— Родителям понравилась твоя невеста, – говорю, поглядев на брата. Не поздоровавшись.
— Прости меня, сестренка. – Андрей хватает меня за руку и крепко сжимает ее. Я быстро качаю головой.
— Не стоит. Моя болезнь много чего забрала у нашей семьи. Мечты, какую-то часть будущего, любовь и внимание. Тебе этого не хватало, я понимаю. Так что просить прощения нужно не тебе, а мне.
Я глажу его пальцы, рассматривая родные черты лица. У нас одинаковые улыбки.
— Поэтому прости меня, братик, я забрала у тебя счастливые мгновения прекрасной юности и очень об этом жалею. Буквально ненавижу свое сердце. Оно и у меня все это отняло. – Я тяжело сглатываю, натягивая улыбку. – Иногда жизнь очень жестока.
У Андрея трясутся губы. Он пытается сдержать серьезное выражение, но это мало получается. Слезы все равно появляются на глазах. Они осточертели, а поделать ничего нельзя, потому что как бы этого не хотели, мы все равно плачем.
— Тебе действительно может не помочь операция? – тихо спрашивает Андрей. В глазах – надежда. Надежда причиняет боль, особенно когда понимаешь, что ее уже нет.
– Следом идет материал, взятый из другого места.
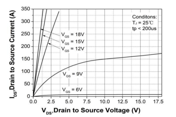 圖1. SiC MOSFET 輸出特性。在Tj = 25℃,Vgs = 18 V,RDS(on) = 3.5 mΩ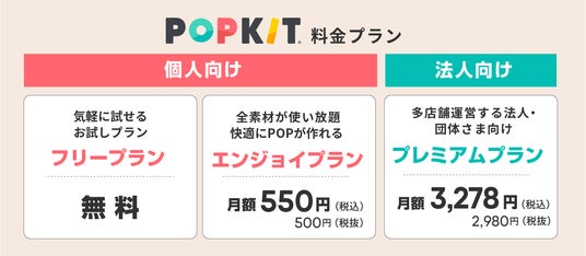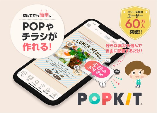 「POPKIT」は、シリーズ累計60万ユーザー突破の(※)POPデザイン作成ツール。あらかじめ入っている素材を組み合わせるだけで、誰でも簡単にPOP作成ができます。パソコン(WEB)・iPhone/iPad(アプリ)に対応。POPの他、チラシ・SNS・HP・動画サムネイル等、ビジュアル的な告知を行うあらゆるシーンで活用できます。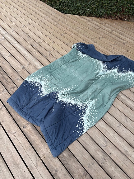 Smukt quiltet tæppe blå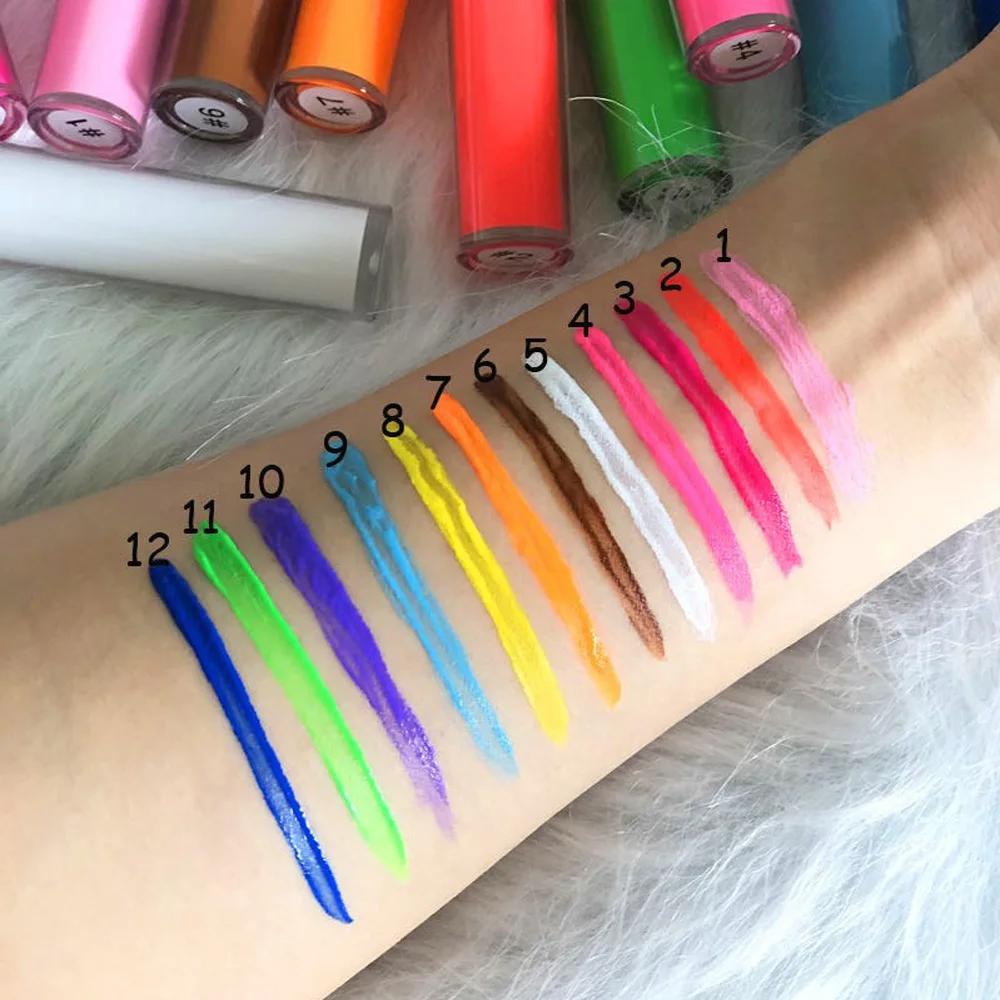 12 цветов флуоресцентная жидкая подводка для глаз, цветная флуоресцентная жидкая подводка для глаз, частная этикетка, Пользовательский логотип, оптовая продажа оптом

— Большая половина моего сердца – мертва. Туда не поступает кровь. Мышца не накачивается. Операция только убьет меня.
Он опускает голову на наши сцепленные руки и глухо всхлипывает. Я так устала смотреть на то, как мои любимые плачут в своих уголках. Закрываются от мира и плачут по мне. Я умру. Улечу в место, где обитают мертвые, превращусь в кого-нибудь, если такое возможно. А родители и Глеб с Андреем будут здесь, на земле, нести тяжелую ношу. Я не хотела, чтобы они страдали по мне.
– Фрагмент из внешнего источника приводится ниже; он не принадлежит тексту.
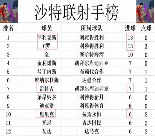 射手榜方面,利雅得胜利的葡萄牙双枪继续领跑,C罗,菲利克斯13球并列榜首。金10球排在第2,雷特吉追上维纳尔杜姆,马丁内斯,7球并列第4。恩里克点射打入一球,追上莱昂纳多,托尼,6球刚好挤入前十。

— Когда это началось? – Он не поднимает головы.
— Прошлым летом. Сейчас врачи могут немного отсрочили течение болезни, пока я стою в очереди. Они выписали мне специальные препараты для каждой функциональной единицы моего организма, так что я все еще справляюсь. К нам приходит медсестра и ставит мне капельницы. От них я много сплю, что, в целом, не так страшно, Андрей. Все нормально.
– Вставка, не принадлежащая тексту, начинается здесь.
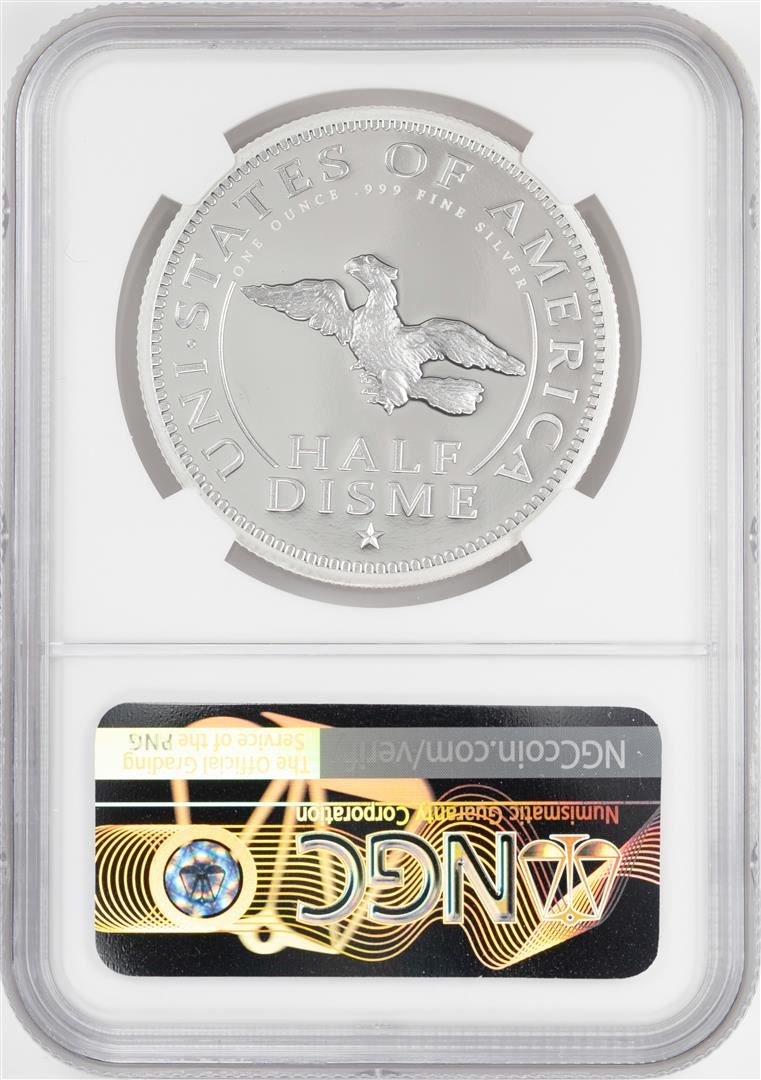 One 1792-2017 Half Disme 1 oz. Silver Medal NGC PF70 W/Edmund C. Moy Signature. NGC Certified.

Я поднимаю рукава толстовки, показывая большие синяки на изгибах локтей.
— Это от катетера. У меня сосуды расположены близко к коже и из-за этого травмируются сильнее. Маша говорит, что ручки у меня худые и кожа чуть ли не прозрачная, но все пройдет.
Андрей аккуратно проводит дрожащими пальцами по моей коже, затем переводит взгляд на меня.
— Почему ты не сказала мне?
— Послушай, мне очень жаль, что я этого не сделала. Сердечная недостаточность была с самого начала, просто не выражала себя, да и стадия маленькая. Незначительная. Затем же с каждой новой операцией я становилась слабее, соответственно, сердце работало на максимум, что впоследствии достигло пика. Вот оно. Гребаная третья стадия, медленно переходящая в четвертую, – отчаянно произношу я. – Я не могла поверить, что это происходит со мной. Не верила, не принимала таблеток. Ничего не делала. И пока пыталась осознать, решила отложить наш разговор. Это больно, а ты слаб на такие вещи.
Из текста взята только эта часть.